* [Task brief]: For the data below, transcribe the part that opens with the line containing "Shining Double Shade" and closes with the line containing "11月25日晚上,疊彩交警大", exactly and with no pictures.

----- Dataset entries

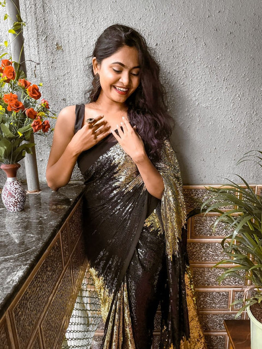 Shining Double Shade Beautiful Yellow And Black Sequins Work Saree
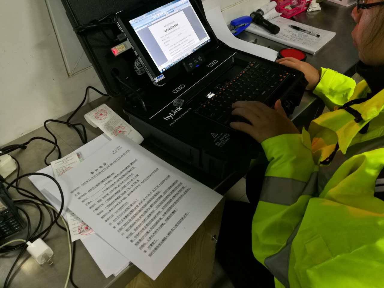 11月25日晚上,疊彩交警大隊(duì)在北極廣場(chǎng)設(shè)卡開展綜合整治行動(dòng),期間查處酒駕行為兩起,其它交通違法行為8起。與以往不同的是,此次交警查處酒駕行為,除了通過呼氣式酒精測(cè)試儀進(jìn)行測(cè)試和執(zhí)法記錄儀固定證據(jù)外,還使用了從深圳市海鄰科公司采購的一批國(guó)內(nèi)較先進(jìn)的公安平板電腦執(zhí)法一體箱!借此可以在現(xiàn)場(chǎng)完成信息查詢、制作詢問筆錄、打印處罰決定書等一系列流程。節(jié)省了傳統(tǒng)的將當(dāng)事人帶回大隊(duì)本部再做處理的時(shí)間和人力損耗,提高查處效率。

----------
----- Dataset entries

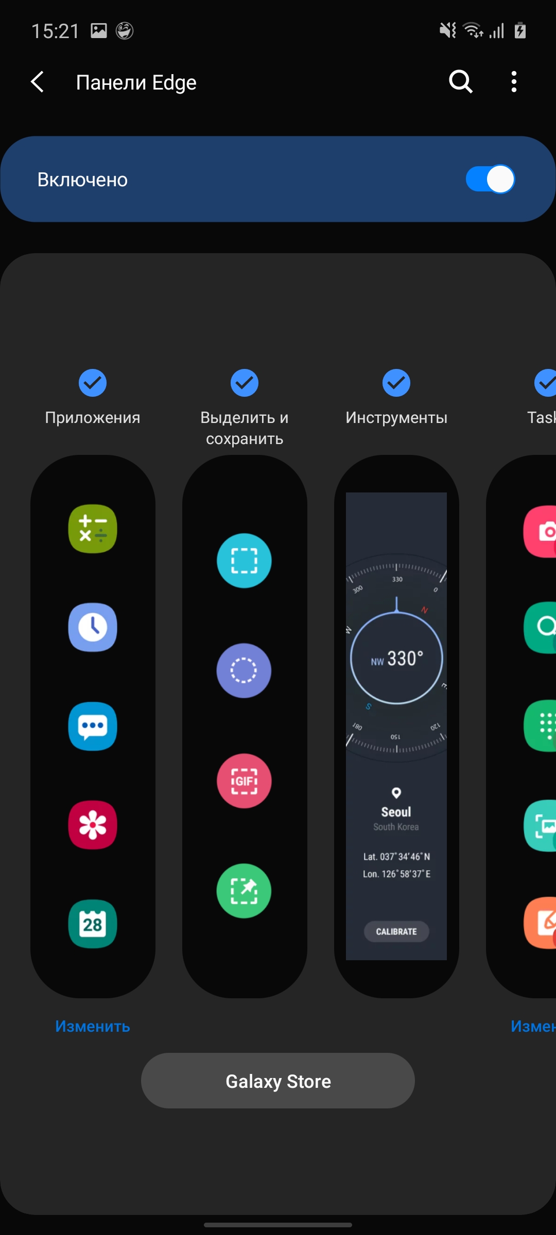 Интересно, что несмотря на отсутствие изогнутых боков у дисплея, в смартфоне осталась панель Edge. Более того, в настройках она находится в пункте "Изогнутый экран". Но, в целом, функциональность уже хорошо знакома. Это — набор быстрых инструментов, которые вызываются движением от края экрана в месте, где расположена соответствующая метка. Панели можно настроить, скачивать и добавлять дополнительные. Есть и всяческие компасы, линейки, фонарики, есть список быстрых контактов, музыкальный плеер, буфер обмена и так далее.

----------

* [Expected answer]:
 Shining Double Shade Beautiful Yellow And Black Sequins Work Saree
 11月25日晚上,疊彩交警大隊(duì)在北極廣場(chǎng)設(shè)卡開展綜合整治行動(dòng),期間查處酒駕行為兩起,其它交通違法行為8起。與以往不同的是,此次交警查處酒駕行為,除了通過呼氣式酒精測(cè)試儀進(jìn)行測(cè)試和執(zhí)法記錄儀固定證據(jù)外,還使用了從深圳市海鄰科公司采購的一批國(guó)內(nèi)較先進(jìn)的公安平板電腦執(zhí)法一體箱!借此可以在現(xiàn)場(chǎng)完成信息查詢、制作詢問筆錄、打印處罰決定書等一系列流程。節(jié)省了傳統(tǒng)的將當(dāng)事人帶回大隊(duì)本部再做處理的時(shí)間和人力損耗,提高查處效率。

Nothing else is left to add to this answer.